The above results suggested Linc-YY1 expression exerted very different impact on YY1 and PRC2, somehow reflecting their genome-wide independency as we recently reported. To further explore additional aspects of Linc-YY1 regulation of YY1 activity, we performed in-depth analysis of the above sequencing data. Using de novo motif analysis, we found that YY1 predominantly bound to its canonical binding motif, AANATGG, in Vector control cells (Fig. 6b, Motif 1). The peaks containing this motif remained unchanged on Linc-YY1 overexpression, (Fig. 6c, Motif 1); however, another motif, RGGAAR, appeared as the second most significantly enriched sequence (Fig. 6c, Motif 2); it suggested that Linc-YY1 overexpression may have induced YY1-binding affinity towards this previously unknown motif. Using electrophoretic mobility shift assays, however, we did not detect a direct association between purified GST-YY1 protein and Motif 2 on addition of Linc-YY1 transcripts (Fig. 6d–f). Therefore, it is likely to be that the binding towards this motif is mediated indirectly through another TF, as YY1 is well known to cooperate with many co-factors in regulating gene expression. Interestingly, Motif 2 highly resembles binding sequence for Stat3. By ChIP–PCR, the Linc-YY1-induced YY1 binding on selective loci was confirmed (Fig. 6g) and knockdown of Stat3 (Supplementary Fig. 8c) abolished the binding (Fig. 6h,i). Interestingly, many of these Stat3/YY1-bound target genes such as Neat1, Ubtb1, Lama5, Alkbh5, Sbno1 and Nr1d1 were repressed by Linc-YY1 overexpression (Fig. 6j), implying that Linc-YY1 may repress their expression through inducing YY1/Stat3 binding. Functionally, knocking down Neat1 promoted the differentiation as shown in Fig. 6k. Together, the above result suggested in addition to activating genes through evicting YY1/PRC2, Linc-YY1 could also promote myogenesis through Stat3/YY1-mediated gene repression. Consistent with the thinking, we found knockdown of Stat3 abolished the pro-myogenic effect of Linc-YY1 (Fig. 6l). Altogether, the above results thus confirmed our thought that globally Linc-YY1 possesses other functions additional to evicting YY1/PRC2 from the known target promoters.

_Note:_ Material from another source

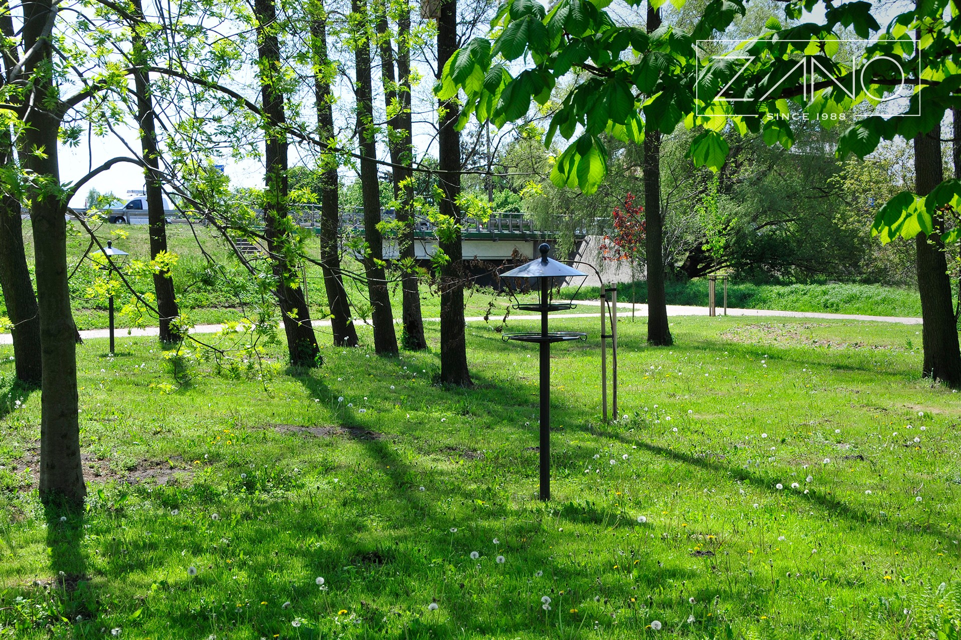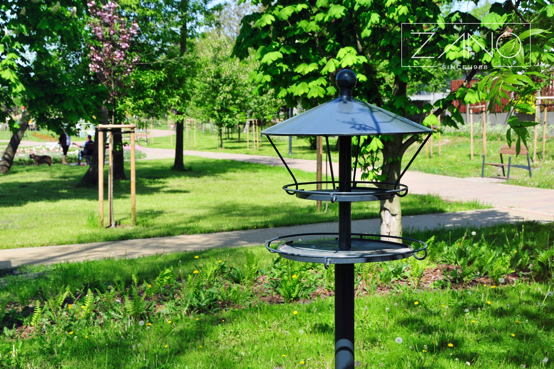 Una novedad absoluta en la oferta de la empresa ZANO. Un comedero para pájaros, de estilo retro, que combina varias características: lo práctico de un comedero para pájaros clásico y el énfasis en el diseño, que es el sello de ZANO. El interés en la apariencia es importante debido a que el comedero también puede ser un adorno, como cualquier otro elemento del mobiliario urbano. Fabricado con tubos de acero, pintado en cualquier color de la paleta RAL y hierro fundido para los elementos decorativos. La estructura se monta en un poste de 2,4 metros de altura y se fija con una base de hormigón.

Linc-YY1 function is conserved in human MBs

Although conservation is not a general feature for lincRNAs28, a modest level of mammal conservation was observed on Linc-YY1 locus (Fig. 2a). Mining the GENCODE annotation, an lncRNA transcript, RP11-63812, was discovered upstream of human YY1 gene locus (Fig. 7a,b). Evidence of expression of this transcript in many human cells (for example, GM12878, K562 and Embryonic Stem cells) was also found through mining ENCODE RNA-seq data. The expression of hLinc-YY1 during myogenic differentiation mirrored that of mLinc-YY1 in C2C12 cells: a gradual induction during early differentiation followed by a decline (Fig. 7c). Furthermore, knockdown of hLinc-YY1 in human MBs caused impairment of myogenic differentiation (Fig. 7d,e), which is analogous to the effect of depleting mouse Linc-YY1 in C2C12 cells. Similarly, hLinc-YY1 was found to be associated with YY1 in human MBs and MTs (Fig. 7f), and knockdown of hLinc-YY1 stabilized YY1 association with target muscle loci (Fig. 7g). Together, these results suggested to us that the function of Linc-YY1 is conserved in mouse and human myogenesis.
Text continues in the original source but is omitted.